== To do ==
For the entries below, how many lines contain the word "cultures"? Reply with the number and nothing else.

== Supplied records ==
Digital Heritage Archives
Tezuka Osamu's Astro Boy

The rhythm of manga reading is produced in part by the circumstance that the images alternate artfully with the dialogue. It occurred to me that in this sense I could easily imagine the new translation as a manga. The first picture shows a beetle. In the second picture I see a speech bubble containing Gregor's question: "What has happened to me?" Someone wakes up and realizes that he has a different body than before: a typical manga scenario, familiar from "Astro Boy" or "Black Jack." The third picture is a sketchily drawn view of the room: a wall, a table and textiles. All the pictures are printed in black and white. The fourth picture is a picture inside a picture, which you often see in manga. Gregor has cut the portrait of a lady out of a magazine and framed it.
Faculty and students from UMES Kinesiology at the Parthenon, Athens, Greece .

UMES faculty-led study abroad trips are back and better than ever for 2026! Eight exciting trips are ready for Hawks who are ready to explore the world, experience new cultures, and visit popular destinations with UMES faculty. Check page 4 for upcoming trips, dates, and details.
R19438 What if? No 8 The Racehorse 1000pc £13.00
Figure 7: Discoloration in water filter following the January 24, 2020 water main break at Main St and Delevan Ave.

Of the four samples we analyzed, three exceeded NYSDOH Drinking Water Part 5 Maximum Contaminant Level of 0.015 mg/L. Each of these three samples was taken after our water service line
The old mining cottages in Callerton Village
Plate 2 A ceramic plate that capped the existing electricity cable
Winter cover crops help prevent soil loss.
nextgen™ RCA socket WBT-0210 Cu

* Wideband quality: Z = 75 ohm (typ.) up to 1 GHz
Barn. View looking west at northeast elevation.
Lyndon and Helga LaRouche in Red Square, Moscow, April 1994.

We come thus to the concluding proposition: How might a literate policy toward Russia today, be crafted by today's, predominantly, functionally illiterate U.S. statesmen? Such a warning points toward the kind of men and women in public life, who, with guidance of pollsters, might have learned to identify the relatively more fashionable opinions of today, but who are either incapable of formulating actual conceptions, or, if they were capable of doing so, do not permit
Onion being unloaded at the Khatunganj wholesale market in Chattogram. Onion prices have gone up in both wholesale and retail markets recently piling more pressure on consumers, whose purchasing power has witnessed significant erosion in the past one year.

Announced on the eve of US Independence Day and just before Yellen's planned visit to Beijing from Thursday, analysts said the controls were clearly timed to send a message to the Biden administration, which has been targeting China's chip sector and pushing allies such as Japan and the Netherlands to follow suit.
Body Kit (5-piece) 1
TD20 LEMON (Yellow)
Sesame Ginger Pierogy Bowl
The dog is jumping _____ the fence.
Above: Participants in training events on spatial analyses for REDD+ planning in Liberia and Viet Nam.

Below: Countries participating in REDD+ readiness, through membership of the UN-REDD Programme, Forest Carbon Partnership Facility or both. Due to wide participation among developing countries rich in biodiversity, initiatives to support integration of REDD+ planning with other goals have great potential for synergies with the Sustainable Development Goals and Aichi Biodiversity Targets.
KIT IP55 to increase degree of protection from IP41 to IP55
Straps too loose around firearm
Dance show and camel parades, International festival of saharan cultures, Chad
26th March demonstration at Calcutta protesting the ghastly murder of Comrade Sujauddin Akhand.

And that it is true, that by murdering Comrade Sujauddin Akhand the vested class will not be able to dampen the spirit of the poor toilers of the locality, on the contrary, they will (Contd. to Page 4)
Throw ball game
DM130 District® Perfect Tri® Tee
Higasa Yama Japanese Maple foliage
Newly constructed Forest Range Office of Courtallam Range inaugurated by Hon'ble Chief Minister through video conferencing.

== Result of the task ==
2